Prescriptive easements: the fiction continues
Acquiring rights by prescription is complicated and can be very confusing. The Upper Tribunal judgment in the case of Welford and others v Graham and another is a useful reminder that provided the claimant can evidence the use of a right in the requisite manner for the relevant time period, the claimant will benefit from an evidential presumption that they had enjoyed the easement as of right.
First things first: how is an easement acquired by prescription?
Prescription derives from a principle of English law that exercising a right for a long period of time, without interference and as of right (that is, without force, without secrecy and without permission) should be capable of legitimisation. This is combined with an assumption (in some cases a misleading notion) that the right originally derived in a grant.
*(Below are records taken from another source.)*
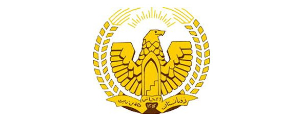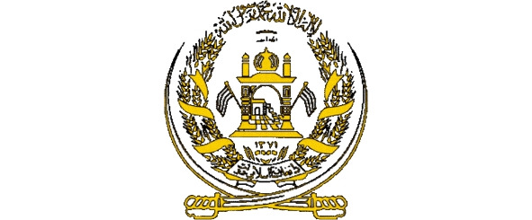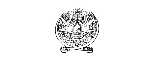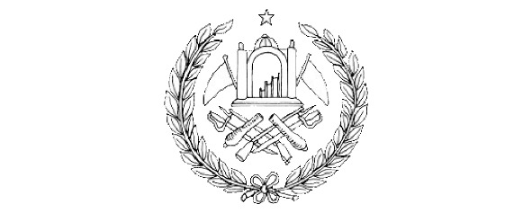 Все это обрамлено двумя рядами пшеничных колосьев, перевитых лентой со свободными концами, на центральной части которой, в основании герба, начертано слово «Афганистан».
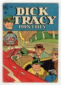 Stories and art by Chester Gould and Bill Ely. Dell reprints the original comic-strip adventures of legendary tough cop Dick Tracy and his rogues gallery of freakish enemies. This issue reprints strips from Jan. 27 - March 6, 1936. Tracy's investigation of a murder leads to gangster Lips Manlis. Before he can act, Lips sets an elevator deathtrap for Tracy. The backup feature by Bill Ely stars tough cop Jim O'Brien, a plainclothes detective nicknamed The Iron Man. Dick Tracy; Dick Tracy Reports to You; The Iron Man. 36 pages, full color. Cover price $0.10.
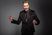przystojny mężczyzna śpiew podczas dotykając mikrofon odizolowany na szary
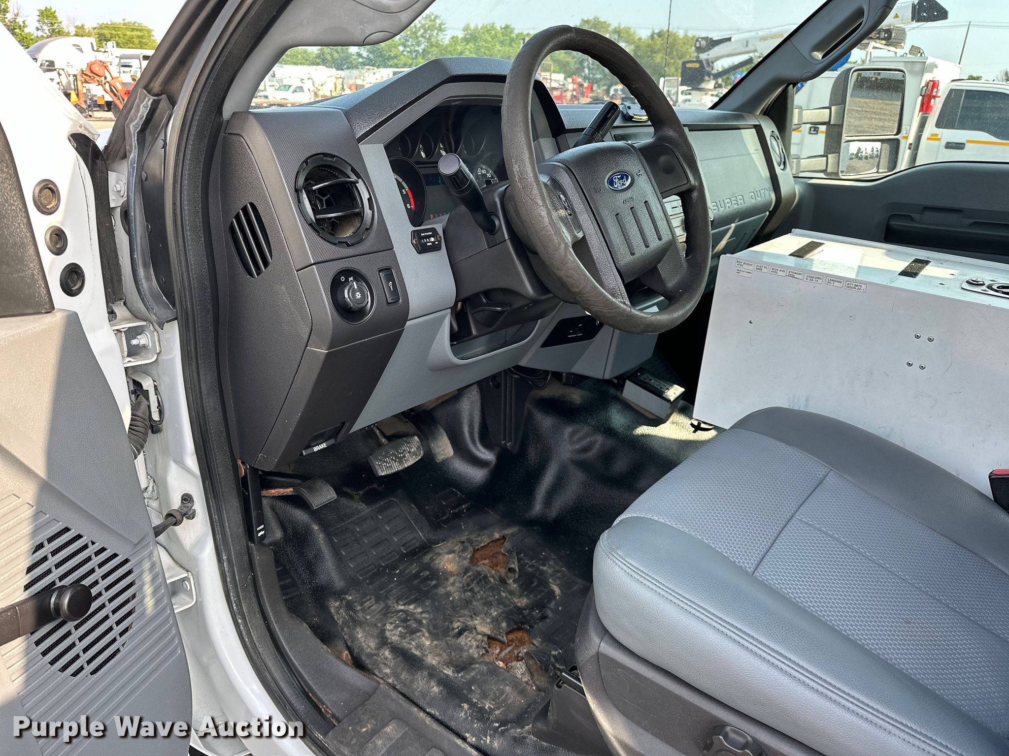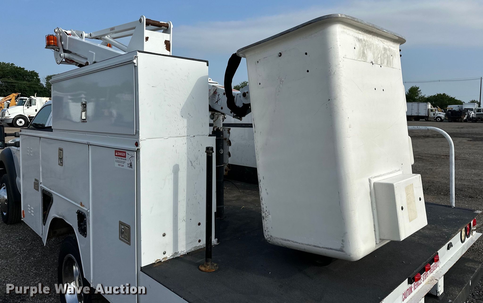 Purple Wave is selling a used Bucket Truck in Oklahoma. This item is a 2012 Ford F450 Super Duty bucket truck with the following: Miles: 188,621 on odometer, VIN: 1FDUF4GY2CED19759
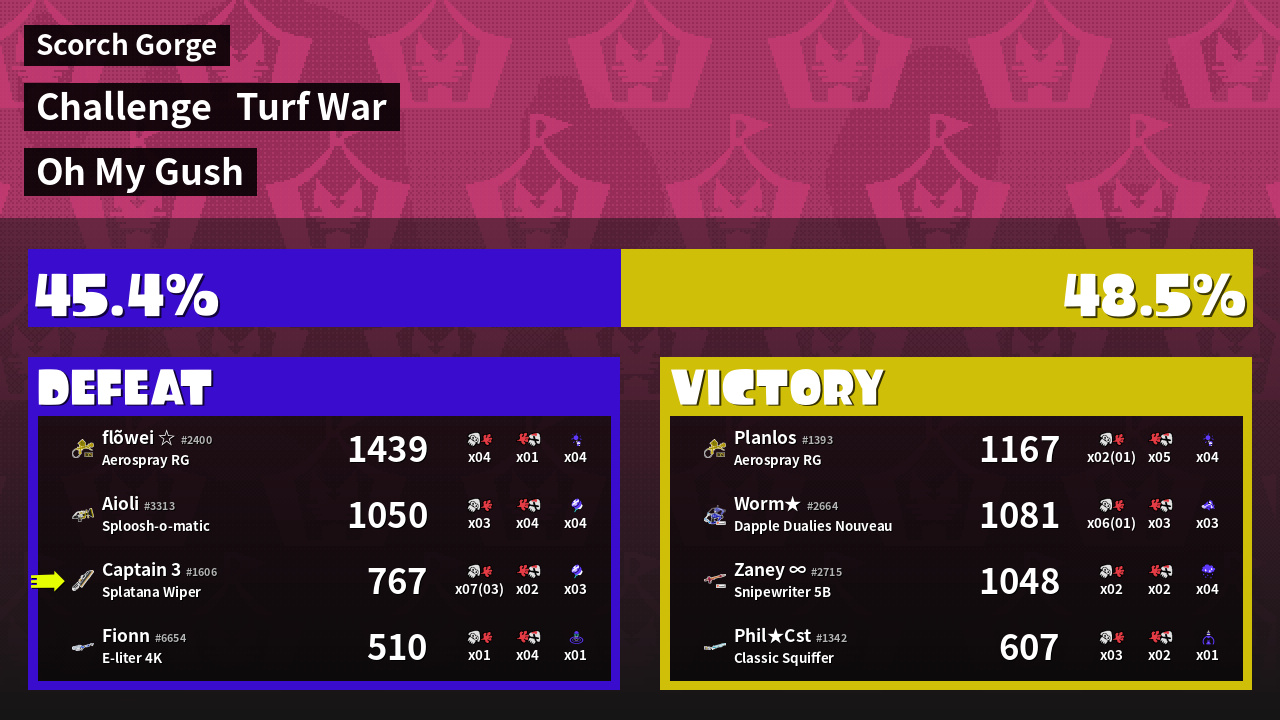 | Medals | #1 Overall Splatter #1 Enemy Splatter #1 Splat Assister | ||

There are three ways of acquiring easements by prescription. One of these is the doctrine of lost modern grant and it is the method that is relevant to the case in question.
Under the doctrine of lost modern grant, if a right has been enjoyed for at least 20 year without any other lawful explanation, it is presumed:
1. to have had its origin in a deed of grant made after 1189; and
2. that the deed of grant has been lost.
Practically speaking, this won’t actually have happened, hence the fiction.
A claim of lost modern grant based on 20 years of use is not rebutted even when the use is interrupted after the required 20 years. The period of 20 years’ enjoyment can be claimed for any period in the past, and there is no need to prove the existence of the deed of grant, nor the parties to it. Even demonstrating that no grant was in fact ever made may be insufficient to rebut the presumption.
Welford v Graham: the facts
The Welfords were the registered proprietors of a former joinery workshop. The Grahams were the registered proprietors of an adjoining yard. The Welfords claimed that the workshop had the benefit of a right of way over the yard, with or without vehicles, for access to and egress from the workshop. As the right had not continued until the time the dispute arose, the Welfords relied on the principle of lost modern grant to establish a right of way across the yard on the basis of use by them and by their predecessors in title from 1964 to 2012.
The First-Tier Tribunal (FTT) accepted the evidence of over 20 years of use. However, on the basis that to satisfy the doctrine of lost modern grant a potential easement must be used ‘as of right’ (that is, without force, without secrecy and without permission), the court refused to grant an easement because the Welfords could provide evidence of use without permission for only 10 of the required 20 years.
The Welfords appealed that decision on the ground that the FTT was wrong in relation to the burden of proof as to the presence or absence of permission for the use of the yard.
The evidential presumption
The Upper Tribunal (Tax and Chancery Chamber) (UT) allowed the appeal.
The UT held that although the legal burden of proving that the use was without permission was on the party claiming the easement, that party could be assisted by an evidential presumption that:
1. If the alleged easement was used in the requisite manner for the necessary period of time, there was a rebuttable presumption that the easement had been enjoyed as of right and, in particular, without permission; and
2. The servient owner could then try to rebut that presumption by adducing evidence that there had been permission or that the use was contentious. If the servient owner did adduce such evidence, the court would then decide on the evidence whether the presumption had been rebutted.
Does this presumption make sense?
If the claimant of a potential easement had to prove that the use was without permission then, without the benefit of the evidential presumption, the claimant would have to call evidence to disprove:
1. the existence of an express permission at any time during the period of use;
2. the existence of any facts from which a permission could be implied during the same period.
As a claimant would often be unable to prove these matters, particularly during the time the dominant land was owned by a predecessor in title, the existence of this evidential presumption seems to make (at least) practical sense.
Conclusion: owners of servient land take notice
This case clarifies that, provided a claimant can evidence the use in the requisite manner for the relevant time period, a claimant will benefit from an evidential presumption that they had enjoyed the easement as of right. A claimant does not have to prove a negative, so owners of servient land who are seeking to object to a claim of prescriptive right should take note. If the presumption applies, it is up to them to try to rebut that presumption through evidence.